Tapi entah kenapa, mikirin pulang dan akan ditimpuki pertanyaan kapan ini kapan itu, duh malas deh.

Duh pengen hidup tenang dari pertanyaan orang. Sampe ga nyaman kalo ikut acara keluarga. Dari berangkat, di acara dan mau pulang pasti pada nanyain dan dinasehati, sampe pernah didoakan Pak tua saya yg pendeta hahahaha.

Aku sudah melihat sendiri kehidupan pernikahan teman2 dan bahkan adekku sendiri. Kalau nikahnya hanya bermodal cinta dan umur dewasa, hari-hari yg dibicarakan hanyalah keuangan saja, sampe kadang berselisih paham. Apalagi kalo emang pekerjaan suami belum mapan, si istri pasti ngerasa gimana gitu ga bisa beli atau belanja yg dia inginkan.

Dan juga kalau status si perempuan bekerja, tentu saja dia akan kelelahan karena harus bekerja lagi di rumah. Sementara si pria, bekerja diluar dan bersantai dirumah, bahkan bisa kongkow-kongkow atau bermain game dengan teman-temannya. 

So, apa yg salah kalau aku belum mau melepaskan status lajang? Masih banyak hal yg ingin aku lakukan ketimbang berlelah-lelah ngurus rumah dan makan hati lihat kelakuan suami. 

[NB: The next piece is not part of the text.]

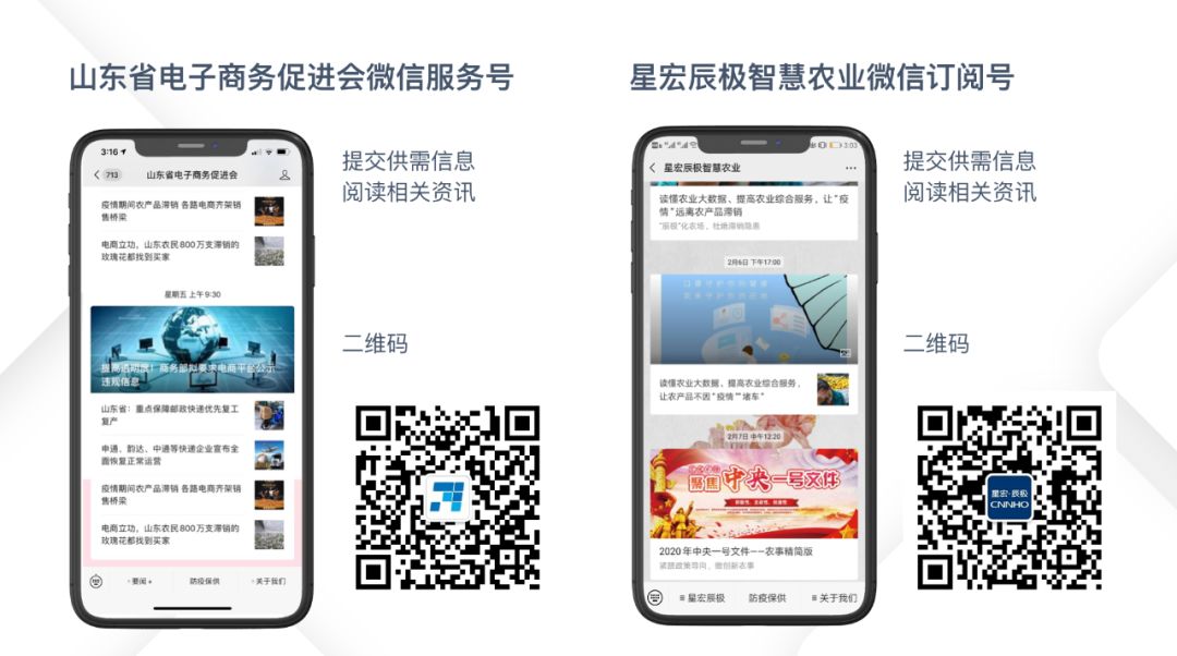 据了解,有需要的农产品生产销售主体,均可访问山东省商务厅官网、山东省电子商务公共服务平台网站、山东省电子商务促进会网站,或通过通过手机关注山东省电子商务促进会微信服务号、星宏辰极智慧农业微信订阅号,通过“产销对接”入口提报并查看产销信息,接收信息汇总情况。

Aku masih pengen ngelakuin keseharianku, bangun telat, pergi senam, belajar bahasa asing, belajar bikin website, kerja di les, ambil sampingan ngajar komputer, keluyuran malam, hahaha. Coba kalo udah nikah, mungkin aku akan stress. Kadang-kadang pengen deh kayak wanita dewasa single yg keren kayak di film gitu. Pakaian modis, aktif, rajin olahraga dan rajin beramal hahahaha. 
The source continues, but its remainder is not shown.